Here it is! Thanks CDog... Forgot how to post the daggone things again.
TC


----------



## rattler (Jul 3, 2004)

good job there TC...you are gonna make my buy a yak yet...


----------



## TC (Oct 21, 2002)

Man Rattler, that was a show!!!!
TC


----------



## SeaSalt (Apr 29, 2002)

awesome report TC!! man... it got me excited just reading it... before you grabbed the lip, did you know it was a rock? 

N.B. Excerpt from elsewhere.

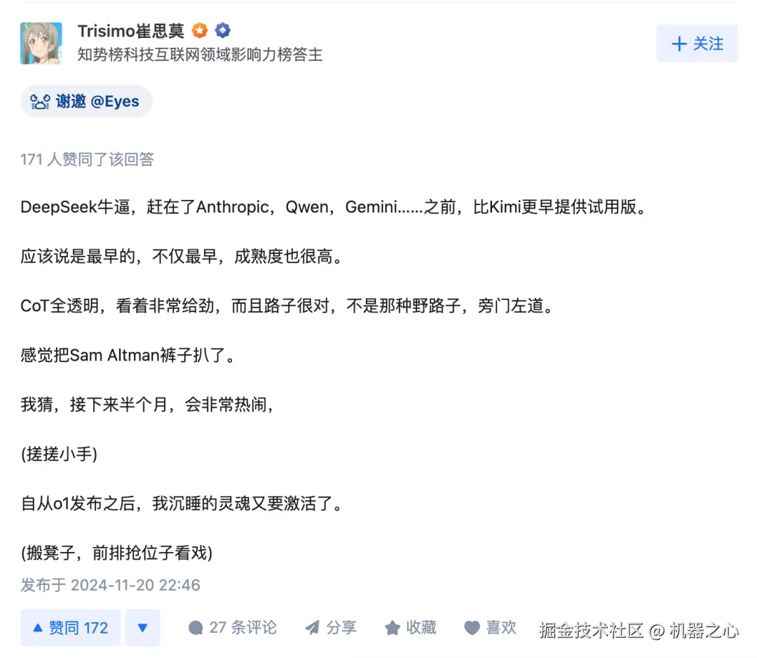 不得不说,对 o1 直接发起冲击的 DeepSeek,着实让国内 AI 社区振奋了一把:

yak fishing is addicting... force is strong...


----------



## RuddeDogg (Mar 20, 2004)

*Brag all ya want!!!!!*

TC, 
That was awesome. As far as I'm concerned ya can brag all ya want. You've earned it. Way to go.


----------



## HighCap56 (Oct 21, 2003)

Great Fish - TC and good story!

Congratulations!


----------



## TC (Oct 21, 2002)

Thanks Bob.


----------



## Chad (Apr 26, 2004)

It looks like I have created a monster, or at least let him out of his cage. lol lol
Chad


----------



## TC (Oct 21, 2002)

To create a monster like me took years of torment and abuse. Thanks for your advice and experience Chad. You played the key part in this (never-ending) adventure, this virtual fairy-tale, a Kayaking wet dream, so to speak... 
TC


----------



## Chad (Apr 26, 2004)

Okay, then let you out of the cage it is......


----------



## erfisher (Feb 9, 2004)

Great catch! I can't wait to get one like that.


----------



## NTKG (Aug 16, 2003)

thats awesome man!


----------